Extraction of features (biomarkers) and their predictive performance from untargeted metabolomics or lipidomics studies rely on a sound experimental design. The primary aim of an experimental design is to minimise analytical variation, so as to capture induced or inherent biological variation to max. Following appropriate high resolution data acquisition (e.g. UPLC-MS, use RP & HILIC, in both ESI+ & ESI-, ideally on an Orbitrap MS), data pre-processing steps (such as background subtraction, peak finding, RT correction, deisotoping and alignment) play critical role in comprehensive feature extraction, represented by retention time matched accurate mass ions with their peak intensities or area.
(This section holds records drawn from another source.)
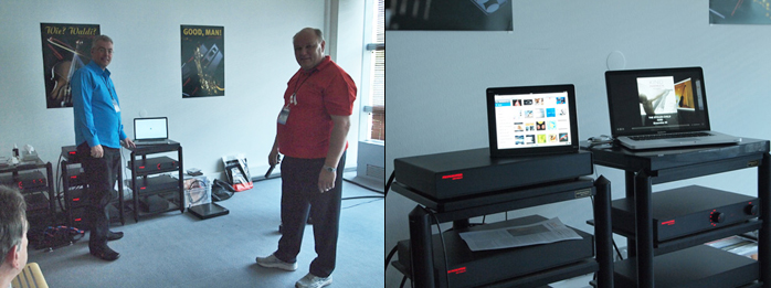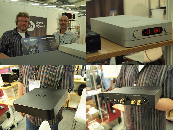 Surprises were to be had also at the Thorsen Kölln and Ingo Hansen booth of Phonosophie where the motto could have been Ingo goes PC. Aside from classic Phonosophie electronics and Viennese Joseph Brodmann speakers we spied an Apple iBook with iTunes + Amarra and the brand-new Phonosophie DAC1 which should ship by year’s end for somewhere between €3.500 and €4.000. Inputs are deliberately limited to S/PDIF and USB to avoid contamination. USB runs 24/192 async and two toroidal power transformers separate analog and digital sections. We were quite taken by the prototype’s performance and look forward to a formal assessment.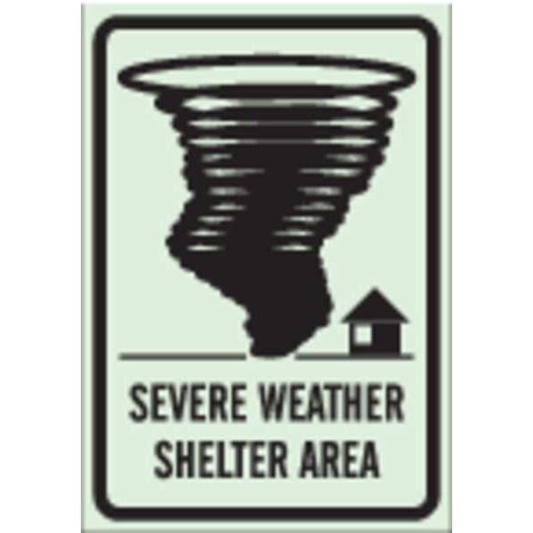 Emergency Sign, Sign Subject Matter Evacuation, Assembly or Shelter, Height 14 in, Width 10 in, Sign Material Polyester, Sign Mounting Style Adhesive Surface, Header No Header, Legend Severe Weather Shelter Area, Printed Language English, Sign Shape Rectangle
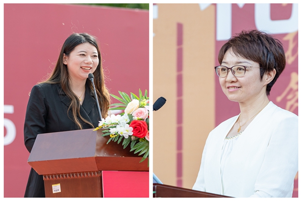 法商学院教师唐莹、机械与电气工程学院教师陈海霞分别作为教师代表发言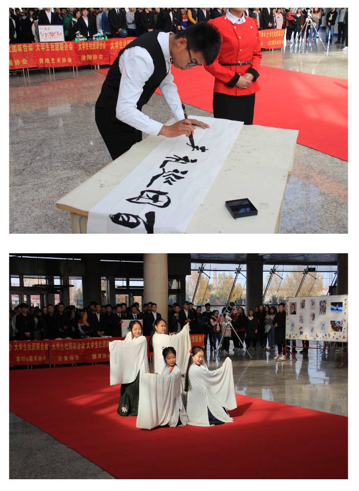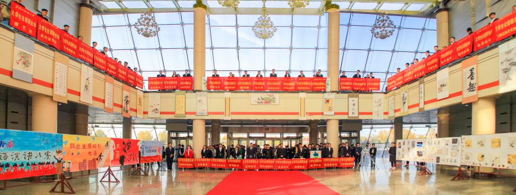 10月25日中午12时30分,由校团委主办,校社团联合会承办的“青春筑梦十九大、百团献礼奏华章”2018年社团巡礼月启动仪式暨第四届金秋书画展在阳光大厅隆重举行。校团委副书记苗雨,校团委全体教师以及大学生社团联合会600余名学生代表参加了启动仪式。仪式由大学生社团联合会主席吕松亮主持。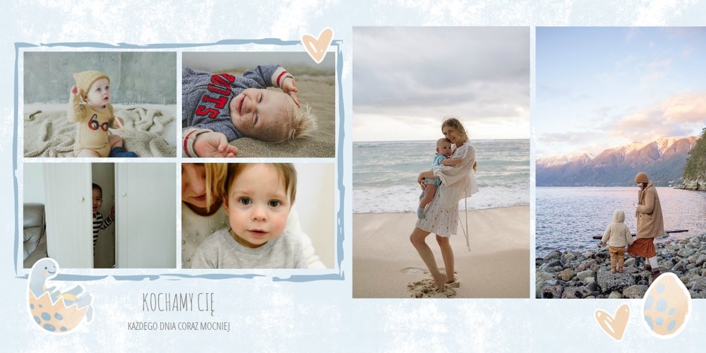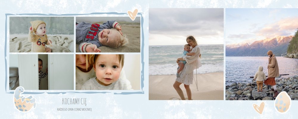 Szablon “Drugi rok synka” to idealna propozycja na prezent dla dziecka nie tylko od mamy, ale również od cioci, babci czy matki chrzestnej (np. jako prezent na urodziny). Tak wywołane zdjęcia w formie fotoalbumu przyniosą radość na lata każdemu dziecku.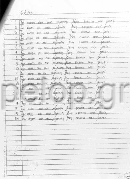 Η διευθύντρια, η οποία υπηρετεί σε σχολείο της ευρύτερης περιοχής της Πάτρας, σύμφωνα με την εφημερίδα Πελοπόννησος, απαιτεί από τους μαθητές να ζητούν συγγνώμη… γονατίζοντας, ενώ τους υποχρεώνει να γράφουν επανειλημμένα τη φράση: «Τον κουτό και τον χωριάτη ξένη έννοια τον τρώει».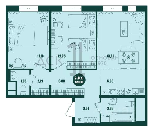 Продаётся 2-комнатная квартира в строящемся доме (Дом 1 корпус 1,2,3), срок сдачи: IV-кв. 2025, общей площадью 58.82 кв.м., на 14 этаже. Новый жилой комплекс "Крылов" от застройщика "ДСК-1" расположен по адресу: г. Сургут, улица Крылова.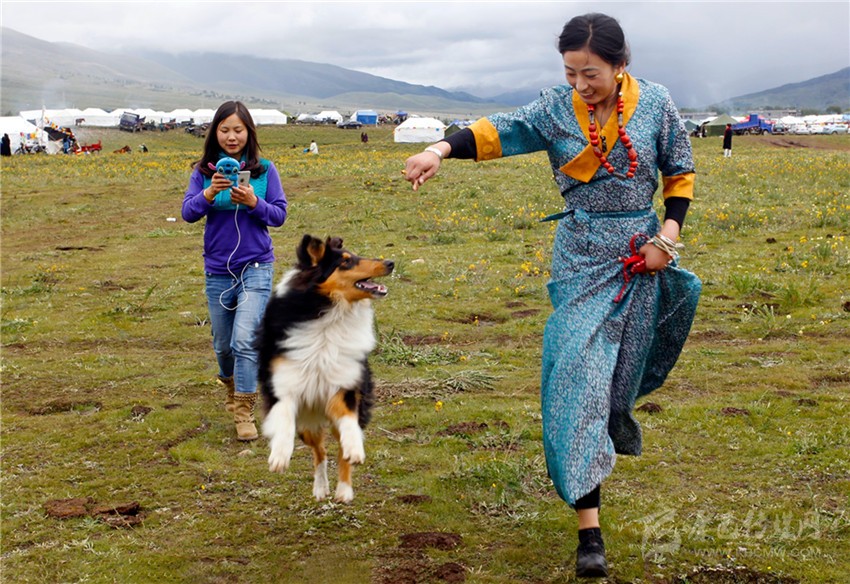 稻城游客“相映成群”。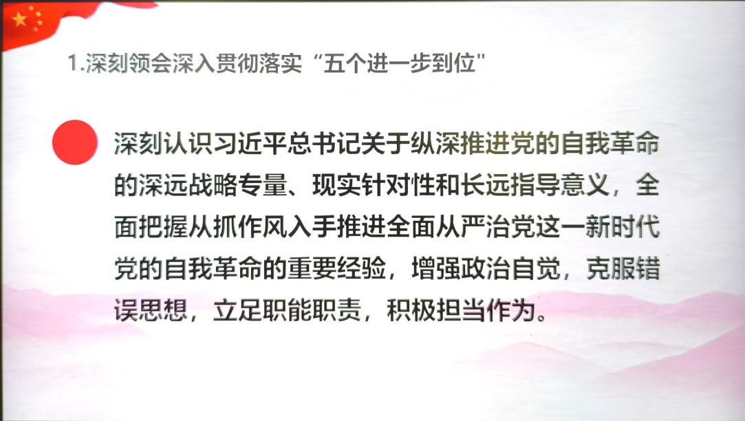 活动期间,全体党员集中学习《中国共产党重大请示报告条例》,重点围绕“五个进一步到位”要求深化理解,从增强政治自觉、健全学习机制、抓好问题整改、做好成果转化、压实责任链条五个方面,明确理论学习与实践落实的结合方向;同时传达中央第三指导组评估反馈会议精神,既充分肯定湖北地区学习教育取得的阶段性成效,也客观梳理当前存在的不足,为后续学习工作提出具体改进要求。此外,活动通过通报典型案例的方式,为党员敲响纪律警钟,进一步强化严守纪律红线的思想自觉;最后,在向丽同志的带领下,全体党员隔着屏幕逐字逐句重温入党誓词,铿锵有力的誓言不仅唤醒了每位党员的入党初心,更坚定了大家坚守信仰、践行使命的责任担当。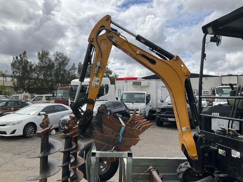 Attachments: 1.2m wide mud bucket, 1 x40cm gp bucket, 1 x 60 cm gp bucket, ripper, hydraulic auger with 3 drill bits

Various commercial (instrument specific or generic) and free (R, GUI or web) tools are available for data pre-processing with their own advantages and limitations.
Here’s a comparative analysis of two data pre-processing software, XCMS, and SIEVE 2.1 on a metabolomics data set acquired in ESI+ mode at 70K resolution using Q-Exactive. XCMS is the most widely used R-based package (open-source & very fast), whereas, SIEVE is a commercial GUI-based software from Thermo Fisher Scientific. Both software offer various optimisation parameters for LC-MS based data pre-processing. The metabolomics data set was provided by Thermo Fisher Scientific and is part of a study that investigated the effect of fasting on rat serum metabolome.
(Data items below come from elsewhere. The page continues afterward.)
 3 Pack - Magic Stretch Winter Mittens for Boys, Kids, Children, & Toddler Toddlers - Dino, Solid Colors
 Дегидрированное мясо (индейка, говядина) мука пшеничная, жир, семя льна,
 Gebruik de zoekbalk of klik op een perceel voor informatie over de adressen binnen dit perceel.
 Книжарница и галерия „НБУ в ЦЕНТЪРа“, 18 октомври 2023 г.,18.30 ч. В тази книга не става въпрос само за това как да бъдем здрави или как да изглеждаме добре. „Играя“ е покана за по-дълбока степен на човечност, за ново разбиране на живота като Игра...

For analysis in XCMS, raw data files were converted to mzXML using proteowizard. The XCMS script was optimised to process high resolution Q-Exactive data and is very flexible to modify or use with other packages (e.g. CAMERA). Briefly, features were identified with mass difference of 0.005 Da and S:N threshold of 5. This followed retention time correction (loess & symmetric), feature grouping (bandwidth, 5) across all samples and gap filling. In Excel, mass ions separated over 0.5 to 14 min were retained for further processing.
Data processing in SIEVE 2.1 was done using component extraction algorithm which allowed on-the-fly background subtraction and peak picking based on ICIS algorithm. Components or features were extracted from 65 to 850 amu over 0.5 to 14 min. S:N ratio was set to 5, both RT width & isolation was set to 0.1 min and max number of frames to 20K.
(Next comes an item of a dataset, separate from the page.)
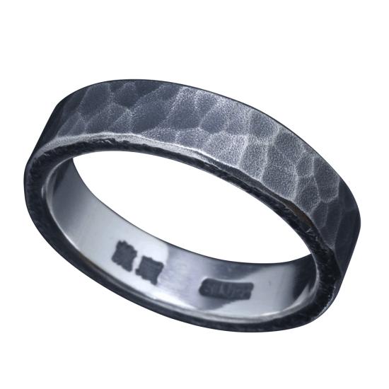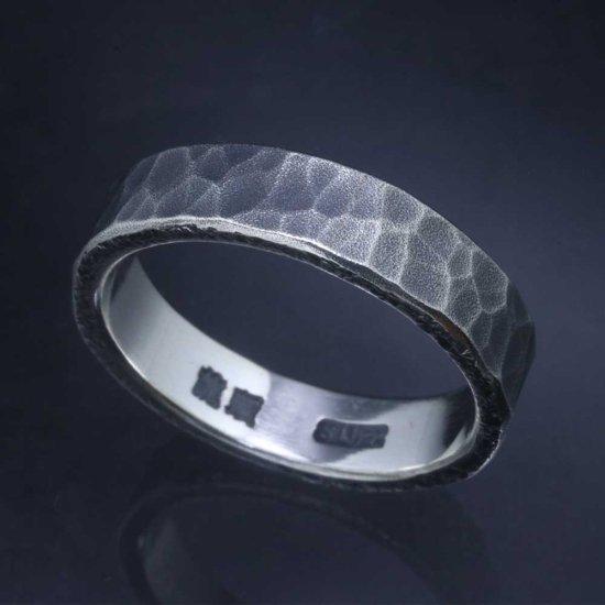 龍頭 5mm幅 丸鎚目リング 梨地 燻し仕上げ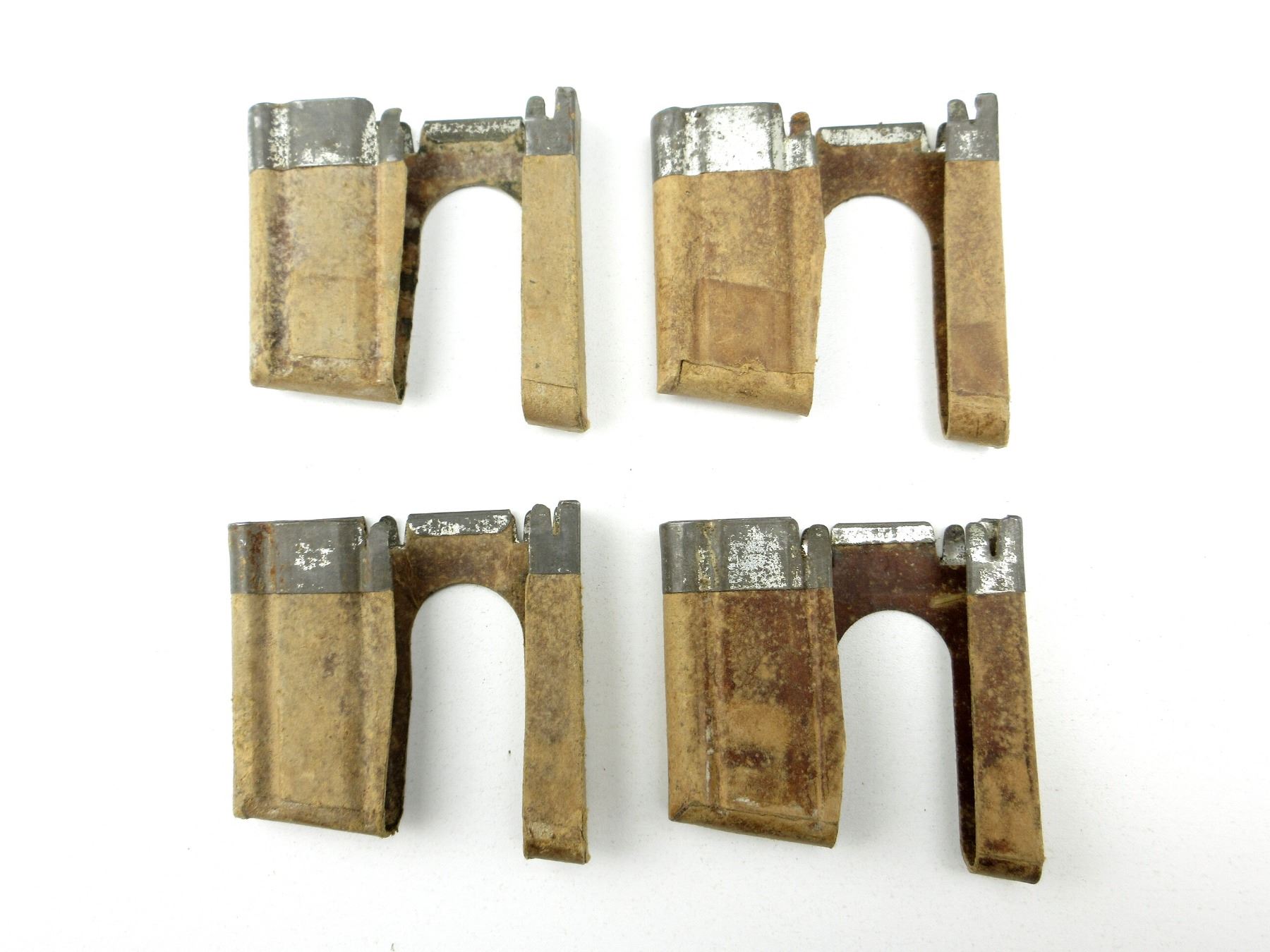 (4) FITS 1889 / 1911 & K31 RIFLE MODELS, 7.5X55 MM, 6-RNDS, CARDBOARD & TIN MATERIALS, NO VISIBLE MARKINGS. SEE PHOTOS.

Total number of features extracted from XCMS & SIEVE analysis were further processed in Excel to retain features with average peak intensity RSD of < 30 %, that are increased or decreased by >2-fold in fasting group with p-value < 0.05.
Through XCMS, 794 differentiating features were identified, of which 443 and 351 features were increased & decreased (>2-fold) upon fasting, respectively. Whereas, using SIEVE 2.1, 641 differentiating features were found (383 increased and 258 decreased in fasting rat serum metabolome). However, only 294 features were common between SIEVE 2.1 (46 %) & XCMS (37 %). The poor feature overlap (overall 25.8 %) is a serious concern and none of the software seems to be perfect. Most investigators rely on a particular software for supposedly comprehensive feature extraction and are likely to miss a significant proportion of important features. I suppose this is one of the major reasons why biomarkers reported to date are mostly from class-specific primary and few, if any, from secondary metabolic pathways! In terms of speed, SIEVE 2.1 takes marathon processing time of 4:38 hrs against 12 min for XCMS! The processing was done on an i7, 6-core Windows PC with 48 GB memory (2100 MHz).
To be comprehensive, I would use both software and that makes it cool 1141 differentiating features or 423 differentially changed features at >10-fold, (with few, if any, false positives)! This is the most appropriate strategy reported so far and I call it a ‘systems level feature mining’ for systems level understanding. Only this way true potential of metabolomics and lipidomics studies can be revealed and be at the forefront of other omics approaches in either making sense for systems biology or for more practical applications.
Tip of the peak – try at least two different LC-MS data pre-processing software to finalise the feature list.